The CLAP program is overseen by Alex Nain Saab Moran, a “Colombian Businessman” intimately involved in all of the Maduro regime’s criminal enterprises and corrupt foreign deals, including a food-for-gold program with Turkey that may also be linked to Iran’s food program and even the “gas-for-gold” scheme that helped Iran bypass sanctions until 2014. Saab’s partner in negotiating both of these deals with Iran and Turkey was none other than Tareck El Aissami. Not surprisingly, Saab has also allegedly been linked to Hezbollah. He was recently arrested in Cape Verde en route to Iran, and the US and Venezuela are currently battling over his extradition.

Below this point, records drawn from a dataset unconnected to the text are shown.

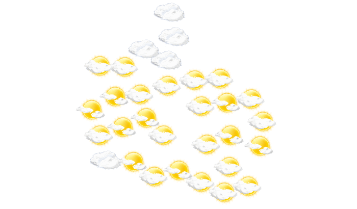 In Iberia kann sich morgens die Sonne nicht durchsetzen und es bleibt bedeckt und die Temperatur liegt bei 21°C. Am Mittag ist es teils wolkig und teils heiter bei Höchstwerten von 33°C. Am Abend ziehen in Iberia Wolkenfelder durch und die Temperaturen liegen zwischen 23 und 24 Grad. In der Nacht ist es wolkig bei Tiefsttemperaturen von 21°C.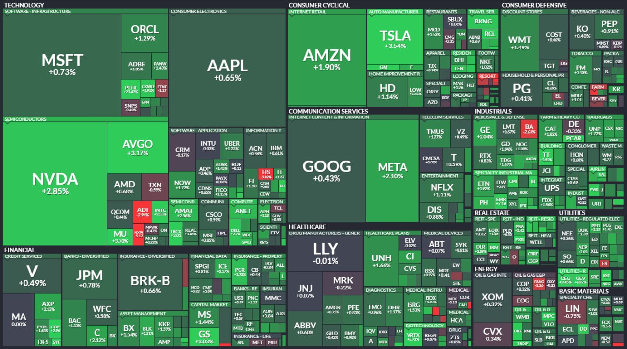 - 엔비디아(+2.85%)는 공급업체 아스테라 랩스(+37.70%)가 강력한 실적을 발표하자 상승.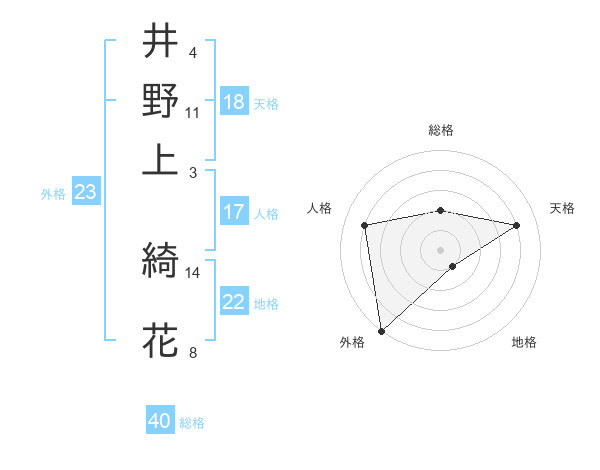 井野上 綺花さんを姓名の画数から五運を鑑定

In February 2020, the US accused Iranian-Canadian Bahram Karimi of involvement in the “Venezuela Project,” a sanctions-evasion scheme involving the Iranian billionaire Najed family, high-ranking Iranian officials and the Venezuelan government. Iran’s use of Venezuela to launder funds and circumvent sanctions is nothing new, but the increasing Iranian presence in what’s left of the Venezuelan economy will likely provide it even more opportunities.
Already in 2013, former US Assistant Secretary of State for Western Hemisphere Affairs Roger Noriega told the Washington Free Beacon, “It’s easy to say billions have been laundered through various Iranian enterprises and institutions through the Venezuelan economy. The Iranians have seized on this as a way to evade sanctions,” and warned that the Iranian and Hezbollah role would only increase under Maduro. This has proved prescient.